### Material for the task
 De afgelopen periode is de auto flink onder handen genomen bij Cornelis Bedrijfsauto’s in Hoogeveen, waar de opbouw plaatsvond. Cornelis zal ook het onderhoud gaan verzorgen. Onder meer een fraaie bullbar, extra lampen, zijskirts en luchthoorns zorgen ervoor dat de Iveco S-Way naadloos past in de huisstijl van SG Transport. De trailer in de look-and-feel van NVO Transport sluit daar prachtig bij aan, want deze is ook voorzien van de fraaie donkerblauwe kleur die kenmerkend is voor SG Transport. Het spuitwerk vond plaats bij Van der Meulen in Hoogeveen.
==
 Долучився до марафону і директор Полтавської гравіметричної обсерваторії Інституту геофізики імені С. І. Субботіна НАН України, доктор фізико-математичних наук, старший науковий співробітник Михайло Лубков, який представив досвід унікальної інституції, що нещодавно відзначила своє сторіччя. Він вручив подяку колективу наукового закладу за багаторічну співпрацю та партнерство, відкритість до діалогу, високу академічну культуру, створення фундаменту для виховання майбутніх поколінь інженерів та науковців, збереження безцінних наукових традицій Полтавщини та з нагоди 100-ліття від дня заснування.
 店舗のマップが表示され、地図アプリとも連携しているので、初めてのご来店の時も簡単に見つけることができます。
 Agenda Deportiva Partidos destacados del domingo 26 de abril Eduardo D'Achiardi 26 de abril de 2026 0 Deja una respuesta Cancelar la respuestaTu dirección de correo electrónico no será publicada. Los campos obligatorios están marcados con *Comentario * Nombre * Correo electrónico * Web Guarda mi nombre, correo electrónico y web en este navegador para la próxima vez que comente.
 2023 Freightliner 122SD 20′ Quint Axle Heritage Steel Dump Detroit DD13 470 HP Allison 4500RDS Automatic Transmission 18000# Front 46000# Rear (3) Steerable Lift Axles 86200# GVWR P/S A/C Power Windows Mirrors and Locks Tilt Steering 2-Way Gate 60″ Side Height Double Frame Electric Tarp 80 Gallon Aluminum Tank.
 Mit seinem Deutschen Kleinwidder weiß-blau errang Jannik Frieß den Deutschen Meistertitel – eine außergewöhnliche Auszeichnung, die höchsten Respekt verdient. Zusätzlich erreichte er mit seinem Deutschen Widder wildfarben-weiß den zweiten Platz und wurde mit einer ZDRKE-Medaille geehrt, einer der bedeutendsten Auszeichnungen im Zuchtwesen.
--
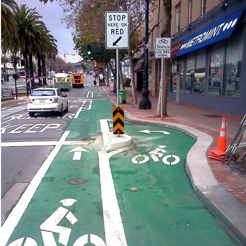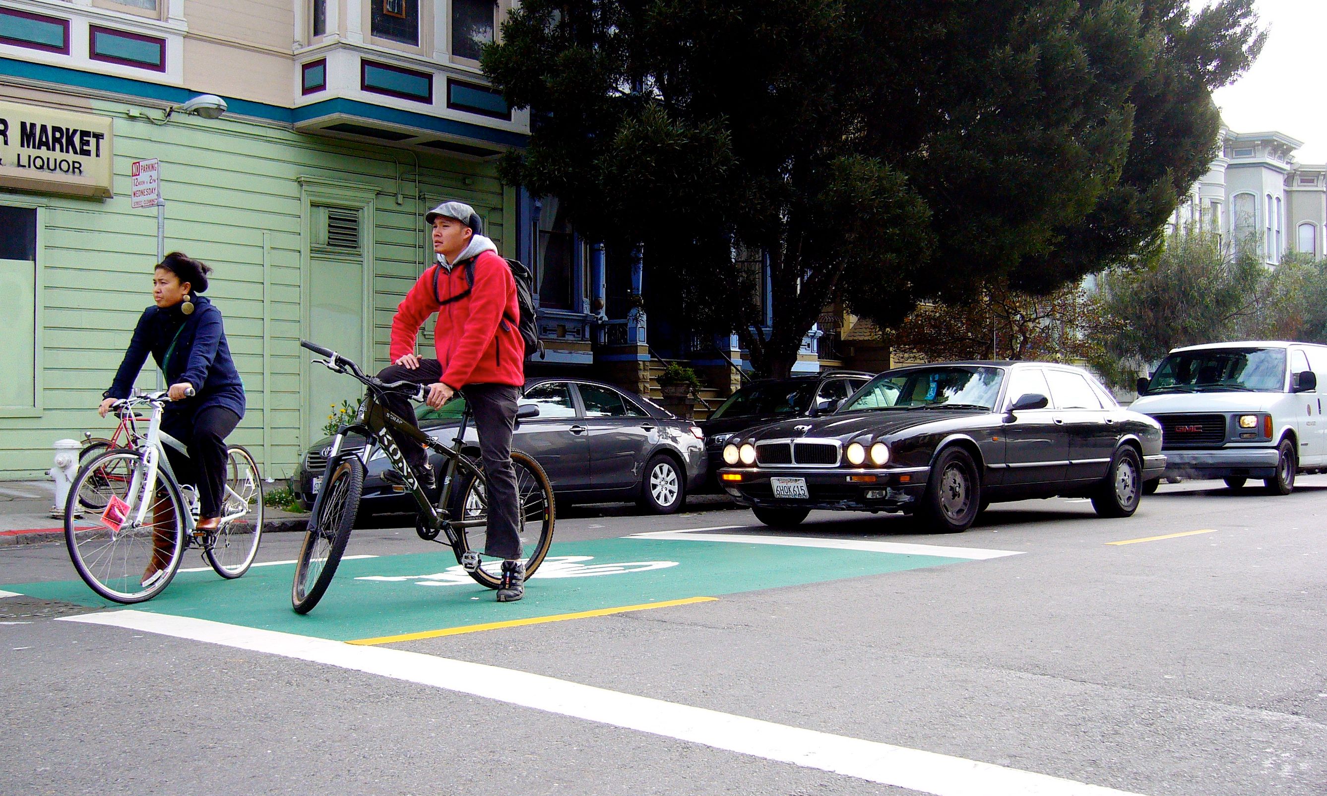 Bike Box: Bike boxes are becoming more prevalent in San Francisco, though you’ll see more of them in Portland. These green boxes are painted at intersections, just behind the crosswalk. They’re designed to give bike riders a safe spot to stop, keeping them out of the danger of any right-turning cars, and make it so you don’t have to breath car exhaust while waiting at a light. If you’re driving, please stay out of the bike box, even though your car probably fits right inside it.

### Exercise instructions
Above this task is a listing. Restate, word for word and with nothing added, the lines from the one with "店舗のマップが表示され、地図" through the one with "Agenda Deportiva Partidos".

### Solution below
 店舗のマップが表示され、地図アプリとも連携しているので、初めてのご来店の時も簡単に見つけることができます。
 Agenda Deportiva Partidos destacados del domingo 26 de abril Eduardo D'Achiardi 26 de abril de 2026 0 Deja una respuesta Cancelar la respuestaTu dirección de correo electrónico no será publicada. Los campos obligatorios están marcados con *Comentario * Nombre * Correo electrónico * Web Guarda mi nombre, correo electrónico y web en este navegador para la próxima vez que comente.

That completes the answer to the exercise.